The Internet: Idiots Like Me Have Your Picture







In the second half of 2006, i collected pictures of Canberrans from their Myspace profiles. I cropped and enlarged over one hundred pictures, and printed several copies of each. I pasted the pictures on billboards all around the Canberra city area, accompanied by a link to this site.

You can view photos of the project around the city on the Photos page, and see the collection of user's pictures used in the project on the Users' Pics page. Also, head to the Talk/Press page and see what other people have had to say, in the media, blogs, and emails.

This website's main goal is to collect feedback, so please tell me your thoughts. But if you're going to send me an angry rant, I suggest spending the energy on making your home more water efficient, or planting a tree or something instead.

If you would like your picture taken down, email me with the page number, row and column where your picture appears in the collection. I will be happy to remove it. Please, I don't need a link to your myspace!!!

Background Information
MySpace is a social networking website offering an interactive, user-submitted network of friends, personal profiles, blogs, groups, photos, music, and videos. MySpace also features an internal search engine and an internal e-mail system. Another feature is the ability to browse users' profiles by age, gender, location, etc. Myspace users' profiles typically contain their age, city, and a portrait style picture of themselves at a minimum. Users have the option to hide their profile from the public, but the vast majority do not. The generally impersonal and disconnected style of communication on the internet seems to foster a false sense of some kind of privacy. Somewhat paradoxically, Myspace users often display information that they may not be comfortable with strangers or even friends and family knowing about them.

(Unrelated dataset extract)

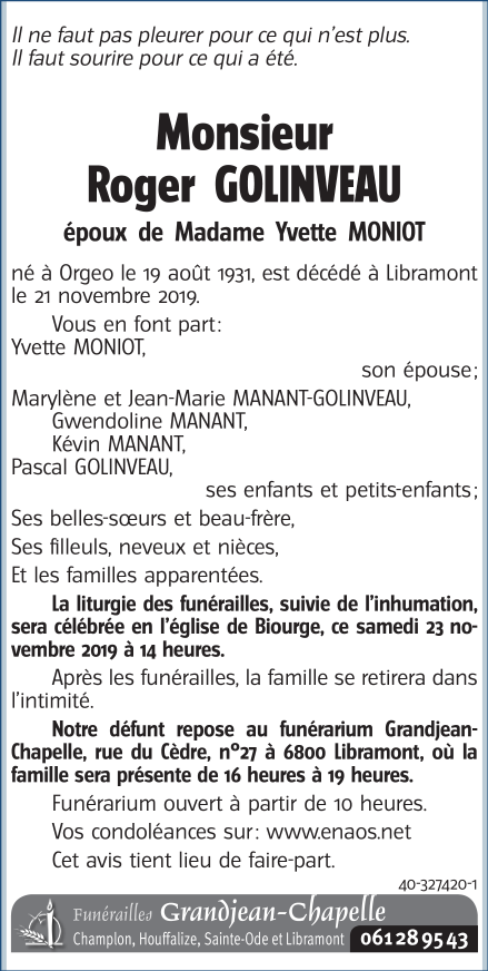 Décédé à Libramont (6800) le jeudi 21 novembre 2019 à l'âge de 88 ans

Is there a message in all this?
A perceived sense of privacy in a public space, physical or virtual, is an interesting phenomenon. These people put their pictures onto their Myspace profiles, publicly accessable virtual billboards, and i put their pictures up on public billboards in real space. This certainly seems kind of confronting at first, but if you compare the potential audience size and the amount of personal information revealed for each medium, these users' Myspace profiles contain far greater potential for stalking, harrassment, fraud, and other misuse of their personal information (as i have shown through this project). Other titles that i could have used include 'potentially dangerous individuals like me know where you live, what you look like, where you go to school, who your friends are, etc', or similar.

With the popularity of the internet and the plasticity of digital media, copying/editing/distributing media has never been easier. Note that i am not including other information about each user, (such as their name, age, favourite band, a link to their profile page) but i easily could have.

Publicly available information and media is public domain, not necessarily in a legal sense, but in a practical sense.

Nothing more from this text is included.